**Exercise**
In the entries below, find the line containing "2 Временная диаграмма" and the line containing "This strapless sheath-column". Copy those two lines and everything between them exactly, without the pictures.

**Records supplied**
%%
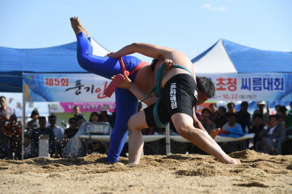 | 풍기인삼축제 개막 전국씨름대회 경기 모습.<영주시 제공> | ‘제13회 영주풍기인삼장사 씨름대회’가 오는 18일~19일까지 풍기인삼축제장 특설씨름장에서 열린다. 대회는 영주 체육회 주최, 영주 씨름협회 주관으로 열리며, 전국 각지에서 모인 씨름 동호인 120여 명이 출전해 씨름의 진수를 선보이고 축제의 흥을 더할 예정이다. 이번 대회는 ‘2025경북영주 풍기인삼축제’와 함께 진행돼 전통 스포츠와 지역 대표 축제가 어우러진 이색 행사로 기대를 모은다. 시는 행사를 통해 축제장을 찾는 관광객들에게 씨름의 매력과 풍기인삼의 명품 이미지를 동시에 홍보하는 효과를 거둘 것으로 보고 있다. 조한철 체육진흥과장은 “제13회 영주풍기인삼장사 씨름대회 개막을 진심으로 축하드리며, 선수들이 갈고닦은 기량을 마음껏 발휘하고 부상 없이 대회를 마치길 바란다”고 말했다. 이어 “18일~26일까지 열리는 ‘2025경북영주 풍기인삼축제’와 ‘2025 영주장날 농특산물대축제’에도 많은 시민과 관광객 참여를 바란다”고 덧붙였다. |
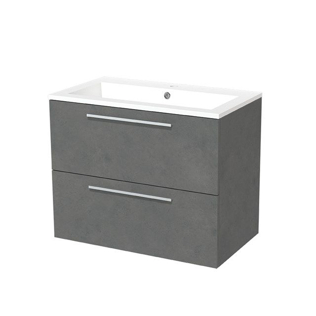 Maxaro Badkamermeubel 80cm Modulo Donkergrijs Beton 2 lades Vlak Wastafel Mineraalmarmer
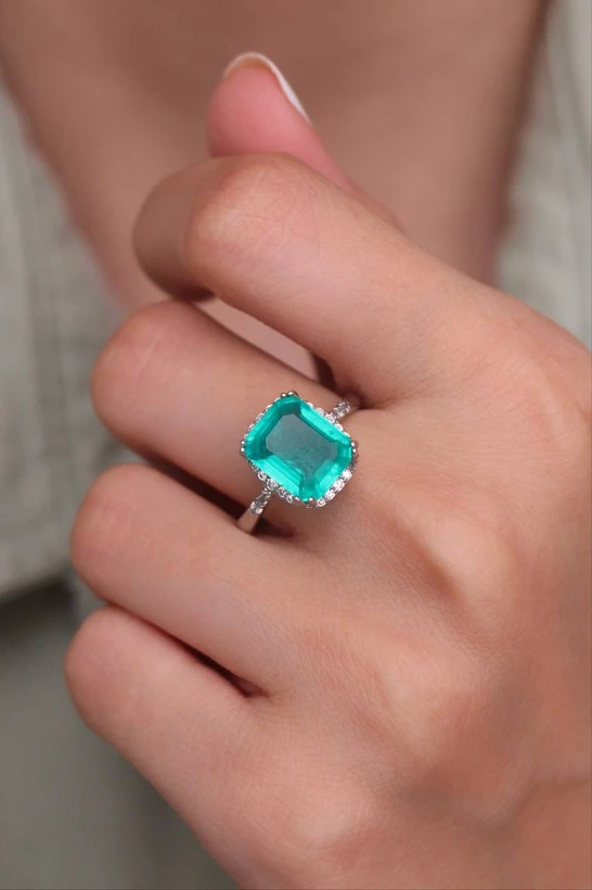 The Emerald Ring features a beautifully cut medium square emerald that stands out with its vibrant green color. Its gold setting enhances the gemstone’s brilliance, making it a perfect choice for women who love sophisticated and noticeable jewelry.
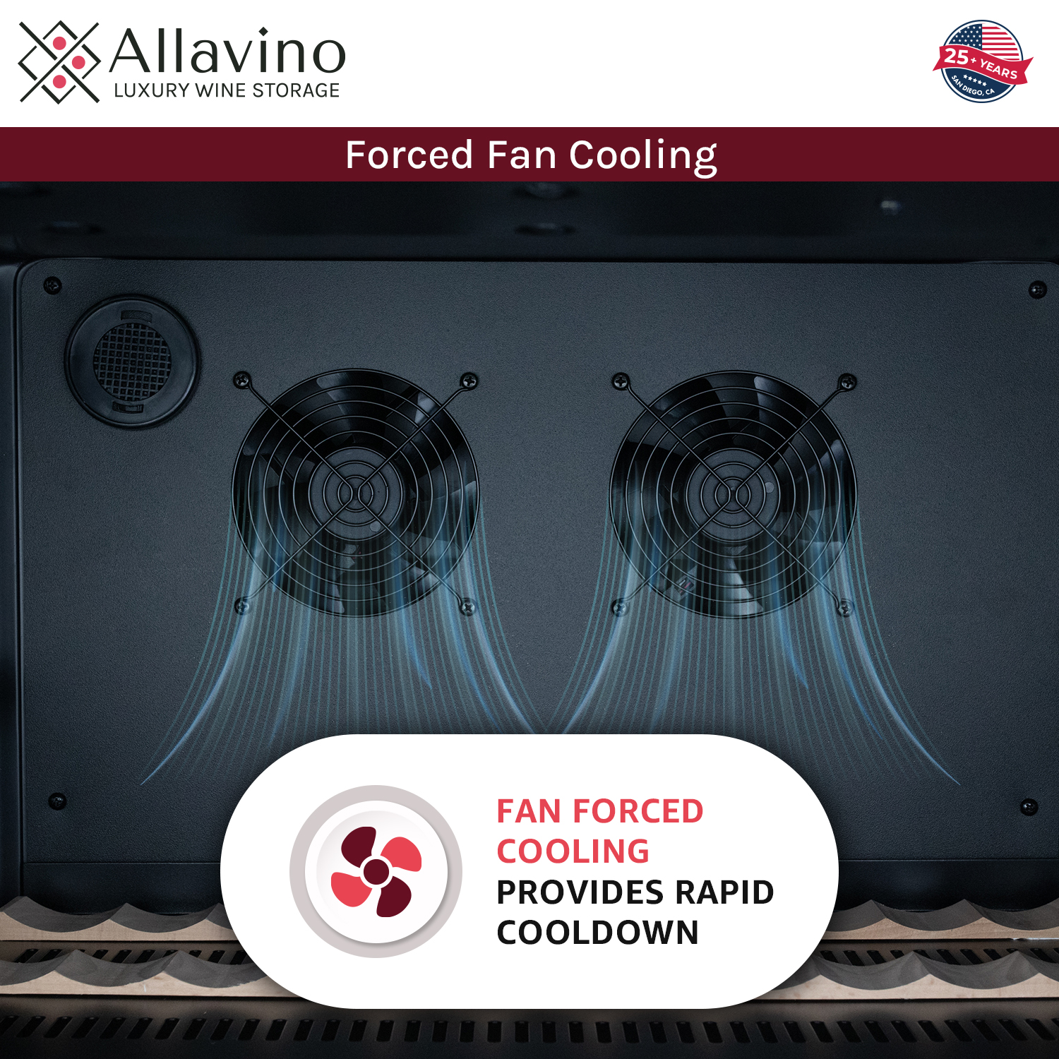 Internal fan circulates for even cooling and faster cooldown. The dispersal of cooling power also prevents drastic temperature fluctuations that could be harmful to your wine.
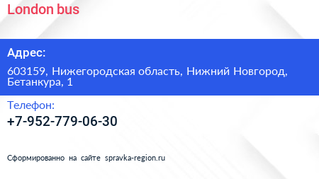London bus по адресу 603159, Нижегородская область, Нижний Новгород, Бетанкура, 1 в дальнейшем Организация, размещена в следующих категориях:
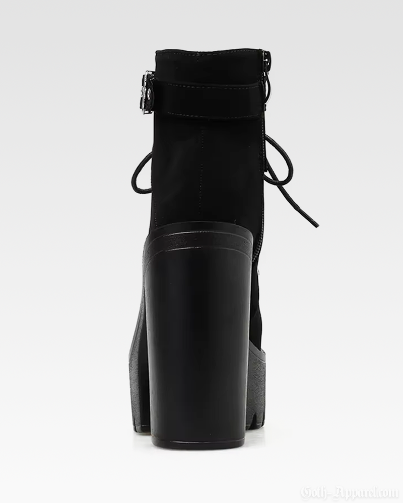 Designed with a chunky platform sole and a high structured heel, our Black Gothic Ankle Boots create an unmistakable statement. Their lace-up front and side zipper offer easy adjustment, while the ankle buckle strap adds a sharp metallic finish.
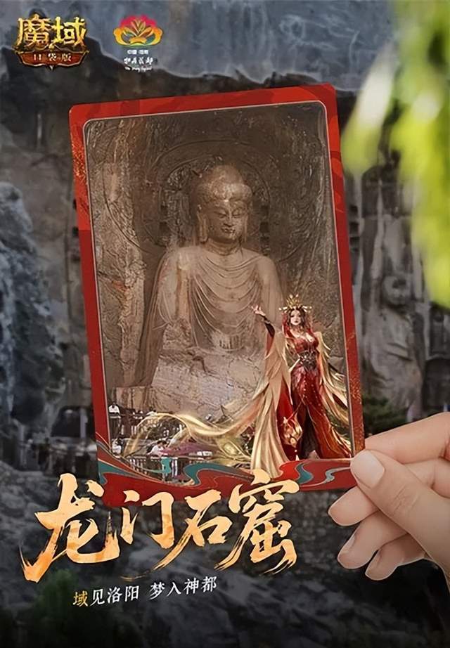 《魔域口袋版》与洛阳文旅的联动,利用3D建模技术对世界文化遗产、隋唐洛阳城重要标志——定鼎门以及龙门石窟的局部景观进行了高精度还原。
%%
%%
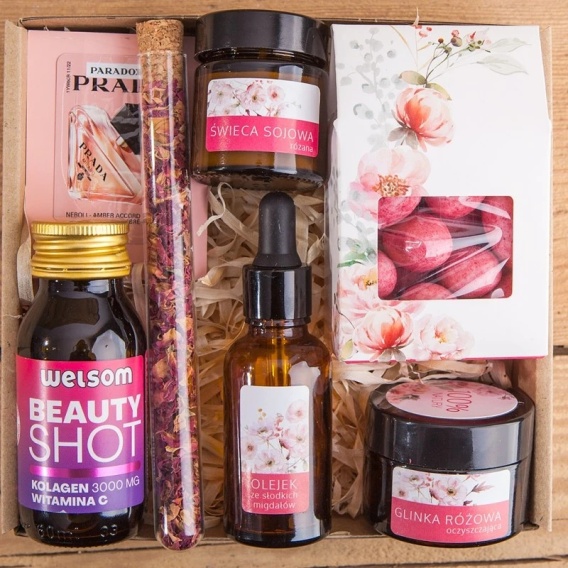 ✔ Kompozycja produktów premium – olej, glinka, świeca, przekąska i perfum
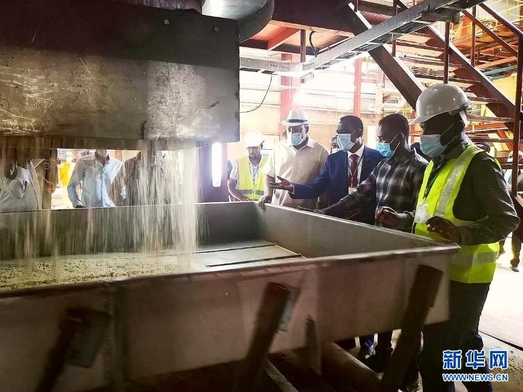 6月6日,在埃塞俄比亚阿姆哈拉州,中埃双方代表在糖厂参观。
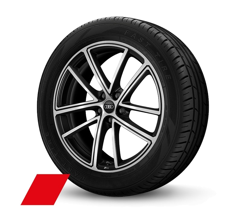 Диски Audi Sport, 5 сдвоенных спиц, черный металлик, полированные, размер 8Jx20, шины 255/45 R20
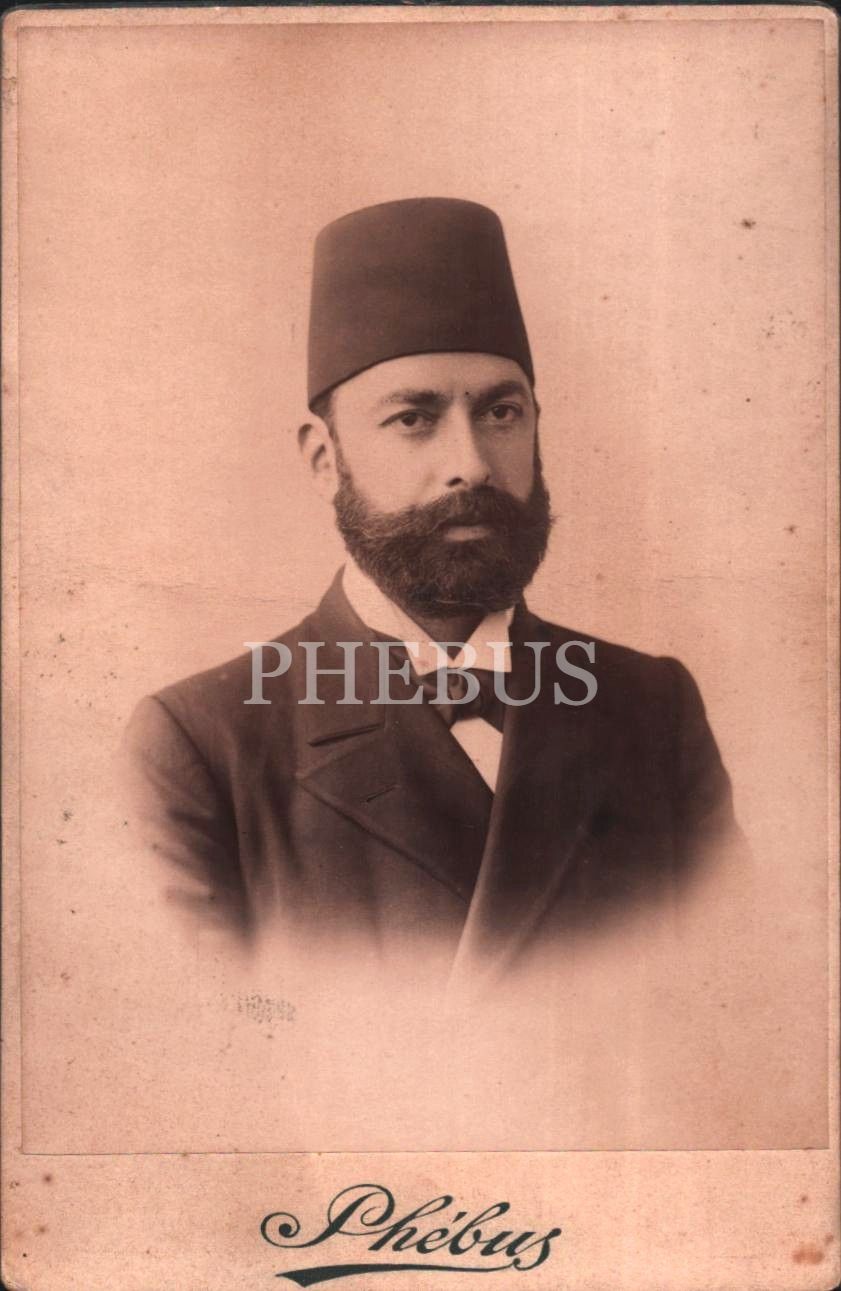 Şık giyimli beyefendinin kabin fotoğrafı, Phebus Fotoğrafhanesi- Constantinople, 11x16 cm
%%
%%
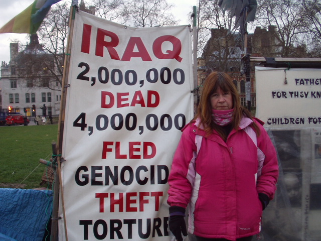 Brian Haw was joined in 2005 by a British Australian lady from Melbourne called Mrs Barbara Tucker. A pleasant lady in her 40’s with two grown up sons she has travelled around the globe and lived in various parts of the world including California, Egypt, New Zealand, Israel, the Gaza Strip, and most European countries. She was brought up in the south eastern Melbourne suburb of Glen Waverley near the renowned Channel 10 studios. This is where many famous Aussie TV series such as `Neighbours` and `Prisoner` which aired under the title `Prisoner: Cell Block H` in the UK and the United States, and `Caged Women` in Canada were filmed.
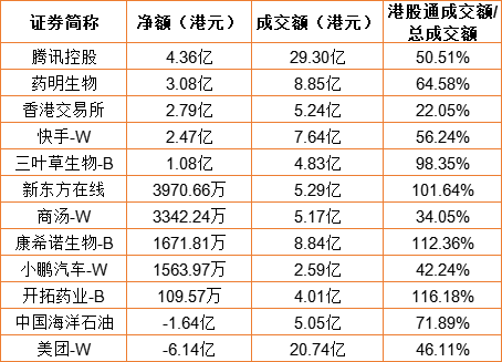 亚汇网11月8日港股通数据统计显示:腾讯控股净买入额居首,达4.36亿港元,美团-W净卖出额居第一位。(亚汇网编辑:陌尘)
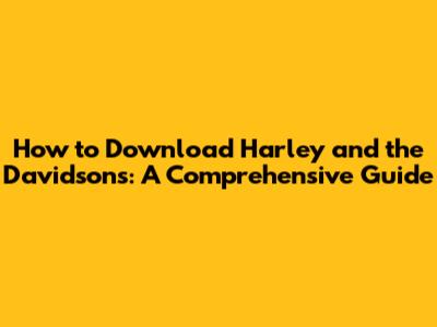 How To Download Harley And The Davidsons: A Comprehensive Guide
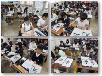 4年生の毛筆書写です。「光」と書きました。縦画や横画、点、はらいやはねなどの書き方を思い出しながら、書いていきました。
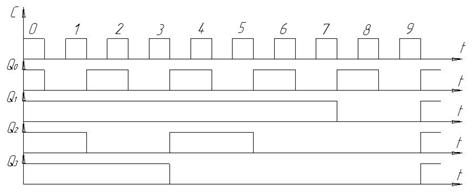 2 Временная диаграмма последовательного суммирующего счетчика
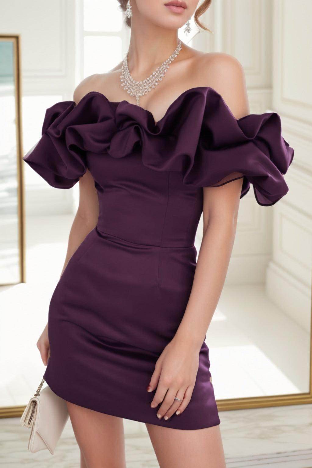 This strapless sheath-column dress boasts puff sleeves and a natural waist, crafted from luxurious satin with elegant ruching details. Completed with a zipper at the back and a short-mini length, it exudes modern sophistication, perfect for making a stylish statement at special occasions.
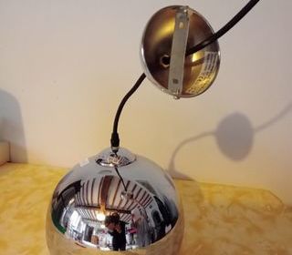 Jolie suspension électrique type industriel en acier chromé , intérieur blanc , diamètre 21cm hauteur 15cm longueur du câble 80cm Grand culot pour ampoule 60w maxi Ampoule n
%%
**Solved exercise**
 2 Временная диаграмма последовательного суммирующего счетчика
 This strapless sheath-column dress boasts puff sleeves and a natural waist, crafted from luxurious satin with elegant ruching details. Completed with a zipper at the back and a short-mini length, it exudes modern sophistication, perfect for making a stylish statement at special occasions.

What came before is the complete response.